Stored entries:
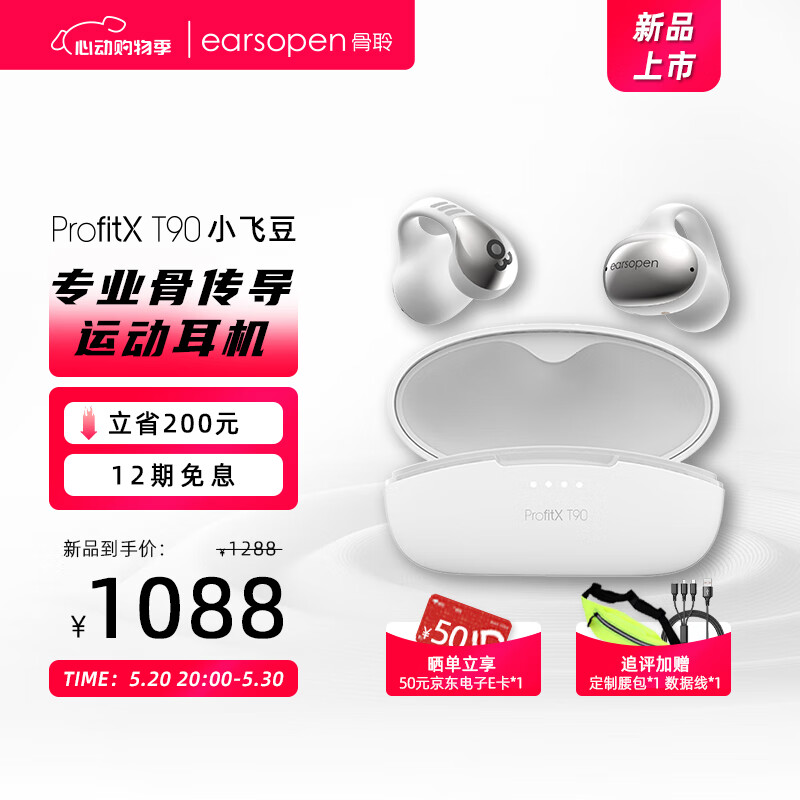 earsopen骨聆ProfitX T90小飞豆专业运动骨传导耳机夹耳式无线蓝牙不入耳开放式运动跑步防水 元气银价格:1288.00元!
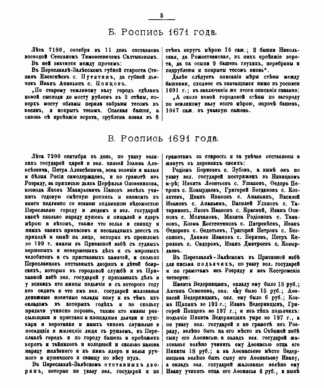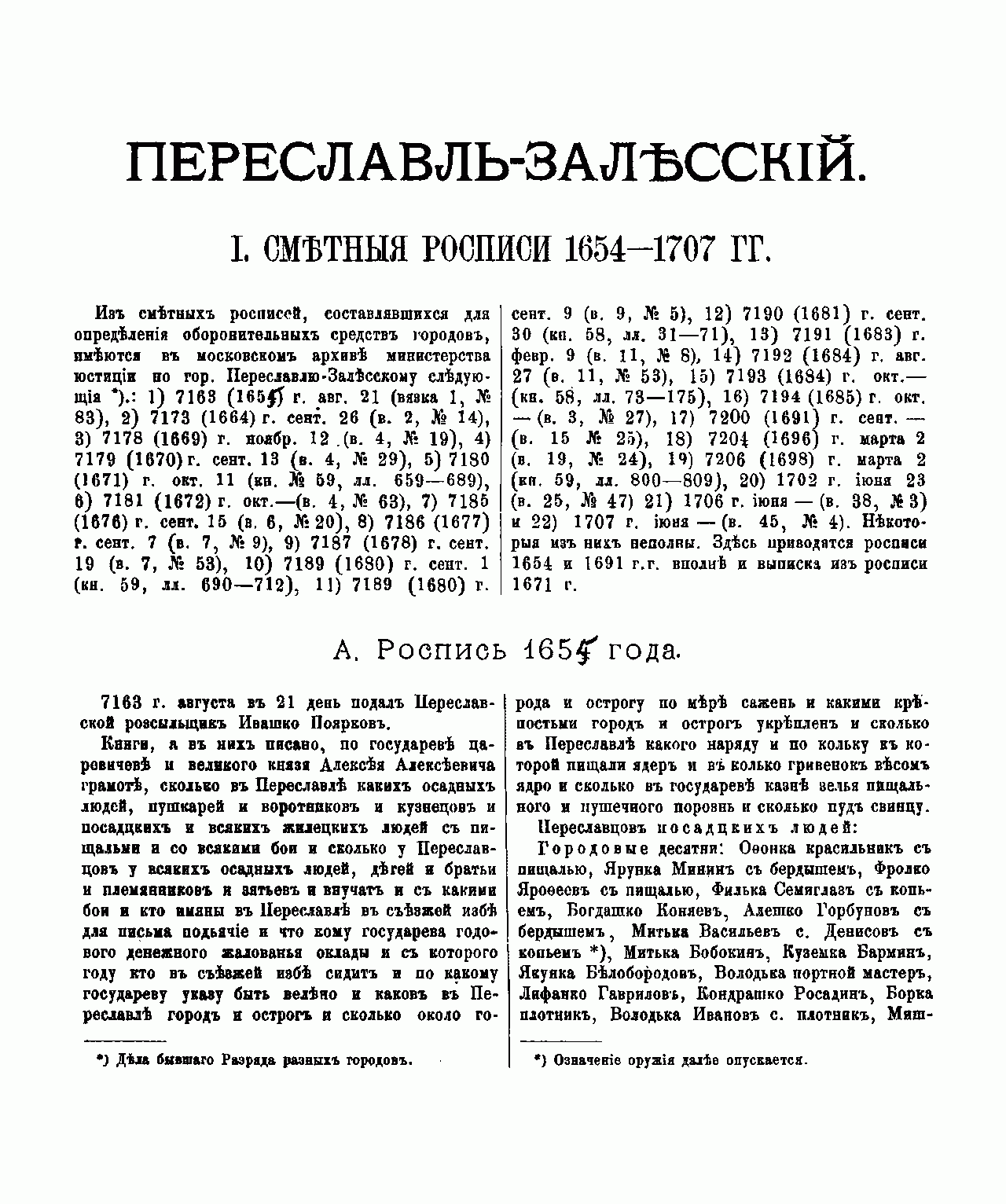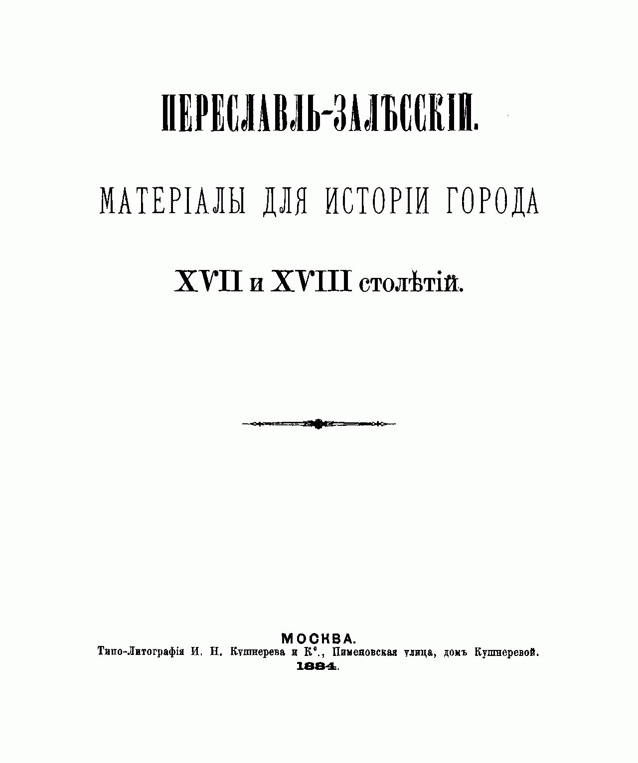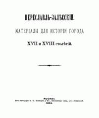 Переславль-Залѣсский. Матерiалы для исторiи города XVII и XVIII столѣтiй
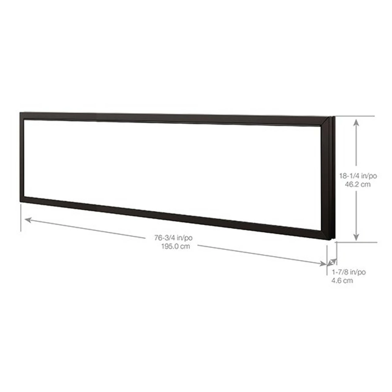 - H 18 1 ⁄ 4 in x W 76 3 ⁄ 4 in x D 1 7 ⁄ 8 in
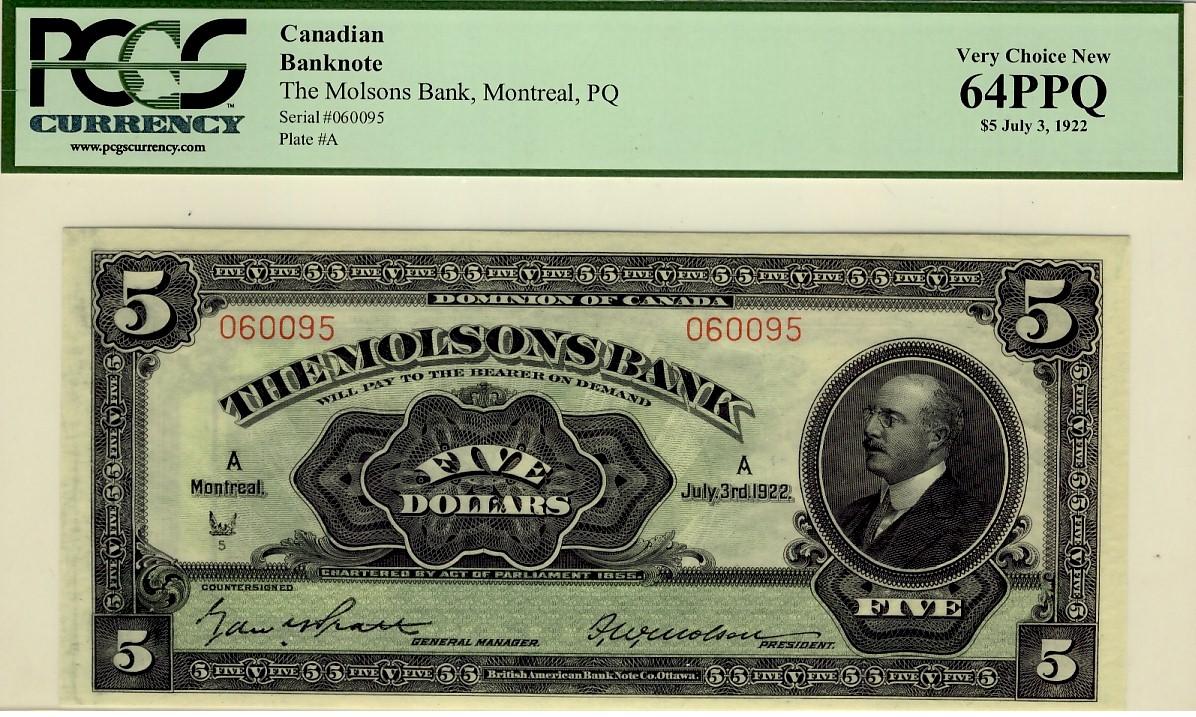 The Molsons Bank of Canada, 1922 $5 #060095, CH-490-40-02, PCGS CH UNC64PPQ.
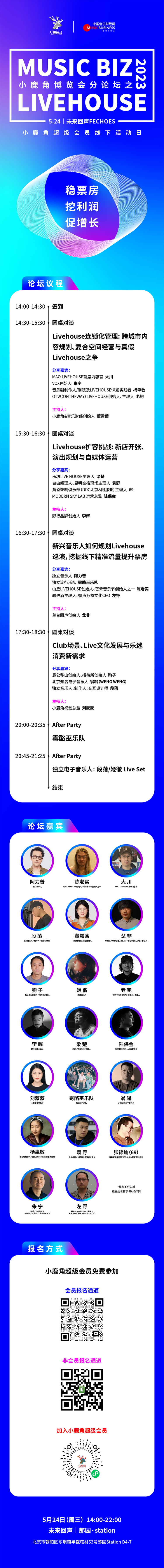 创建于2008,经过十余年的发展,OTW已经成为一家以音乐为主,融合多种文化形态的综合性文化产业机构,历年举办室内音乐现场、剧场演出、文旅演艺、戏剧节、户外音乐节等各类文化艺术活动三千余场。OTW品牌下属DOOBIRDS音乐厂牌、方盒剧社/河妖剧团、脱口秀俱乐部、因乐咖现代音乐体验中心等多个文化艺术团体。OTW旗下音乐厂牌签约、合作三十多组优秀乐队和音乐人,创建并运营华东地区首个省级音乐产业基地——OTW安徽原创音乐基地。2019年,荣获安徽省十大民营演出经纪机构。资深财经媒体人,小鹿角智库首席分析师,2014年创立“音乐财经”,2018年创立“小鹿角APP”。一直以来,我们始终致⼒于以⾏业分析师的敏锐洞察⼒,以⾼品质内容输出为底层逻辑,以图⽂、演讲、视频、报告和书籍等多元化的内容展现形式,服务于⾏业发展,打造流媒体时代下的⼀站式新型智库服务机构。乐坊LIVE HOUSE主理人梁楚。乐坊LIVE HOUSE是一个分享音乐与快乐的文艺展演空间,并在致力成为珠海音乐、演出文化新地标。乐坊LIVE HOUSE位于珠海乐士文化区,拥有专业的舞台灯光音响等硬件设施,以及经验丰富的音乐演出行业运营团队。作为以音乐演出为主的经营性演出场地,成立以来,乐坊LIVE HOUSE一直为国内外音乐家/乐队们提供亲切优质的服务。黄昏黎明俱乐部(DDC北京&阿那亚)主理人:张锦灿(69)北京黄昏黎明俱乐部(DDC, 北京&阿那亚)主理人张锦灿。DDC始于2014年,致力于打造以现场音乐为主的多元青年生活方式空间,主旨定位于“一切在这里发声”,是一家专注于场馆运营、音乐演出、厂牌运营、活动策划以及青年文化生活方式的开放多元文化平台。场地分别位于北京日坛DDC和秦皇岛阿那亚DDC,同时拥有独立厂牌DDL,旨在挖掘、支持和发展更多独立、根源、未来和国家化的声音。从巡演经理到LIVE HOUSE主理人,部分演出项目的经验包括:2023年杭州“聚橙梦响音乐节”、2022年Sunnee杨芸晴“心”2022全国巡演、2022年Psy P杨俊逸2022“风靡一时”全国巡演、2022年网易云音乐“云村营地音乐节”重庆仙女山、昆明长湖;2022年首届全国LiveHouse行业论坛;2021年Subs X 阿达娃《共感》;2021年乃万NINEONE#“Romance/Reality”巡演;2021年School Girl ByeBye“爱是一切”巡演;2017-2019年“叁叁肆计划”巡演(安徽、陕西、宁夏、山东、云南)共计64场的美好。MODERN SKY LAB 是以摩登基因与审美系统为内核的生活方式线下实体店,是城市青年人特立独行的表达空间,是具有驱动力的青年文化聚集地。现有上海、昆明和重庆等多家经营主体。李辉作为唱片行业的资深从业者,曾任京文唱片的总经理,多年来,一直践行在创业路上。近年来,李辉创立了野行品牌,致力于探索音乐文旅解决方案。阿力普,一位来自新疆的80后维吾尔音乐青年,独立音乐人,民谣唱作人,SweetLip乐队主唱。游走在Folk与Indie rock之间,是一位温暖敏感的民谣暖男。2006年成立小熊饼干乐队并担任主唱,创作了一系列优秀的作品。霉酪巫(Mildew)乐队是来自北京的独立流行乐队。乐队成立于2019年,由三位集拖延症与强迫症于一身的主唱/吉他:小六 贝斯:李晓晨 鼓:小建组成。主唱兼吉他小六,2014年开始学习电吉他,2015年开始尝试写歌,2017年进入现音学习电吉他专业,擅长Funk、R&B、Soul 等风格演奏,于2019年成立了霉酪巫乐队并负责创作和编曲。乐队融合 Funk Jazz Neo-soul 等音乐风格。你可以在霉酪巫的歌曲中感到funk的激情,也能在Chill的律动中享受温柔, 舒缓的旋律治愈你的焦虑并诉说着浪漫,有机会一定要去看看现场,他们独特的气质,过耳不忘的旋律会让你忘掉烦恼。霉酪巫Mildew2022年登陆西南偏南SXSW音乐节,是目前世界上规模最大的音乐盛典之一。山丘LIVE HOUSE创始人,也是芒禾音乐节的创始人之一。山丘LIVE HOUSE品牌创建于2015年,致力于打造苏州最专业的音乐现场,推动原创音乐和现场音乐的发展。目前在苏州有三家店,分别位于高新区红唐购物中心,工业园区新光天地,工业园区斜塘老街。百万级灯光音响舞台设备,专业的灯光音响团队,先后承办过超过近千场的现场音乐演出。现三家场地均可承办各类演出、聚会、年会、沙龙等。左野,疆进酒·OMNI SPACE创始人,微声万象(OMNI MUSIC)文化CEO。经过六年多的运营,疆进酒·OMNI SPACE已成为北京地标性音乐展演空间。2022年,OMNI团队在北京打造了新型双元Live场馆东市·OMNI CLUB。今年,疆进酒·OMNI SPACE更是以双馆空间模式落地广州并开始运营。与此同时,OMNI团队成立了独立音乐厂牌VIBEZ万是音乐,签约多组另类摇滚音乐人,并成立了OMNI STUDIO录音工作室,为音乐人提供技术与制作服务。草台回声创立于2016年,是一家以高品质原创音乐、泛艺术类活动为核心内容的新晋独立音乐厂牌。厂牌旗下签约艺术家有声音玩具、莫西子诗、秘密行动、Mr.Miss、斯斯与帆、KAWA、完美倒立、电气樱桃、海尾巴等。

* _What you will do_
Exclude the pictures and reproduce every entry exactly.

* _Solution_
 earsopen骨聆ProfitX T90小飞豆专业运动骨传导耳机夹耳式无线蓝牙不入耳开放式运动跑步防水 元气银价格:1288.00元!
 Переславль-Залѣсский. Матерiалы для исторiи города XVII и XVIII столѣтiй
 - H 18 1 ⁄ 4 in x W 76 3 ⁄ 4 in x D 1 7 ⁄ 8 in
 The Molsons Bank of Canada, 1922 $5 #060095, CH-490-40-02, PCGS CH UNC64PPQ.
 创建于2008,经过十余年的发展,OTW已经成为一家以音乐为主,融合多种文化形态的综合性文化产业机构,历年举办室内音乐现场、剧场演出、文旅演艺、戏剧节、户外音乐节等各类文化艺术活动三千余场。OTW品牌下属DOOBIRDS音乐厂牌、方盒剧社/河妖剧团、脱口秀俱乐部、因乐咖现代音乐体验中心等多个文化艺术团体。OTW旗下音乐厂牌签约、合作三十多组优秀乐队和音乐人,创建并运营华东地区首个省级音乐产业基地——OTW安徽原创音乐基地。2019年,荣获安徽省十大民营演出经纪机构。资深财经媒体人,小鹿角智库首席分析师,2014年创立“音乐财经”,2018年创立“小鹿角APP”。一直以来,我们始终致⼒于以⾏业分析师的敏锐洞察⼒,以⾼品质内容输出为底层逻辑,以图⽂、演讲、视频、报告和书籍等多元化的内容展现形式,服务于⾏业发展,打造流媒体时代下的⼀站式新型智库服务机构。乐坊LIVE HOUSE主理人梁楚。乐坊LIVE HOUSE是一个分享音乐与快乐的文艺展演空间,并在致力成为珠海音乐、演出文化新地标。乐坊LIVE HOUSE位于珠海乐士文化区,拥有专业的舞台灯光音响等硬件设施,以及经验丰富的音乐演出行业运营团队。作为以音乐演出为主的经营性演出场地,成立以来,乐坊LIVE HOUSE一直为国内外音乐家/乐队们提供亲切优质的服务。黄昏黎明俱乐部(DDC北京&阿那亚)主理人:张锦灿(69)北京黄昏黎明俱乐部(DDC, 北京&阿那亚)主理人张锦灿。DDC始于2014年,致力于打造以现场音乐为主的多元青年生活方式空间,主旨定位于“一切在这里发声”,是一家专注于场馆运营、音乐演出、厂牌运营、活动策划以及青年文化生活方式的开放多元文化平台。场地分别位于北京日坛DDC和秦皇岛阿那亚DDC,同时拥有独立厂牌DDL,旨在挖掘、支持和发展更多独立、根源、未来和国家化的声音。从巡演经理到LIVE HOUSE主理人,部分演出项目的经验包括:2023年杭州“聚橙梦响音乐节”、2022年Sunnee杨芸晴“心”2022全国巡演、2022年Psy P杨俊逸2022“风靡一时”全国巡演、2022年网易云音乐“云村营地音乐节”重庆仙女山、昆明长湖;2022年首届全国LiveHouse行业论坛;2021年Subs X 阿达娃《共感》;2021年乃万NINEONE#“Romance/Reality”巡演;2021年School Girl ByeBye“爱是一切”巡演;2017-2019年“叁叁肆计划”巡演(安徽、陕西、宁夏、山东、云南)共计64场的美好。MODERN SKY LAB 是以摩登基因与审美系统为内核的生活方式线下实体店,是城市青年人特立独行的表达空间,是具有驱动力的青年文化聚集地。现有上海、昆明和重庆等多家经营主体。李辉作为唱片行业的资深从业者,曾任京文唱片的总经理,多年来,一直践行在创业路上。近年来,李辉创立了野行品牌,致力于探索音乐文旅解决方案。阿力普,一位来自新疆的80后维吾尔音乐青年,独立音乐人,民谣唱作人,SweetLip乐队主唱。游走在Folk与Indie rock之间,是一位温暖敏感的民谣暖男。2006年成立小熊饼干乐队并担任主唱,创作了一系列优秀的作品。霉酪巫(Mildew)乐队是来自北京的独立流行乐队。乐队成立于2019年,由三位集拖延症与强迫症于一身的主唱/吉他:小六 贝斯:李晓晨 鼓:小建组成。主唱兼吉他小六,2014年开始学习电吉他,2015年开始尝试写歌,2017年进入现音学习电吉他专业,擅长Funk、R&B、Soul 等风格演奏,于2019年成立了霉酪巫乐队并负责创作和编曲。乐队融合 Funk Jazz Neo-soul 等音乐风格。你可以在霉酪巫的歌曲中感到funk的激情,也能在Chill的律动中享受温柔, 舒缓的旋律治愈你的焦虑并诉说着浪漫,有机会一定要去看看现场,他们独特的气质,过耳不忘的旋律会让你忘掉烦恼。霉酪巫Mildew2022年登陆西南偏南SXSW音乐节,是目前世界上规模最大的音乐盛典之一。山丘LIVE HOUSE创始人,也是芒禾音乐节的创始人之一。山丘LIVE HOUSE品牌创建于2015年,致力于打造苏州最专业的音乐现场,推动原创音乐和现场音乐的发展。目前在苏州有三家店,分别位于高新区红唐购物中心,工业园区新光天地,工业园区斜塘老街。百万级灯光音响舞台设备,专业的灯光音响团队,先后承办过超过近千场的现场音乐演出。现三家场地均可承办各类演出、聚会、年会、沙龙等。左野,疆进酒·OMNI SPACE创始人,微声万象(OMNI MUSIC)文化CEO。经过六年多的运营,疆进酒·OMNI SPACE已成为北京地标性音乐展演空间。2022年,OMNI团队在北京打造了新型双元Live场馆东市·OMNI CLUB。今年,疆进酒·OMNI SPACE更是以双馆空间模式落地广州并开始运营。与此同时,OMNI团队成立了独立音乐厂牌VIBEZ万是音乐,签约多组另类摇滚音乐人,并成立了OMNI STUDIO录音工作室,为音乐人提供技术与制作服务。草台回声创立于2016年,是一家以高品质原创音乐、泛艺术类活动为核心内容的新晋独立音乐厂牌。厂牌旗下签约艺术家有声音玩具、莫西子诗、秘密行动、Mr.Miss、斯斯与帆、KAWA、完美倒立、电气樱桃、海尾巴等。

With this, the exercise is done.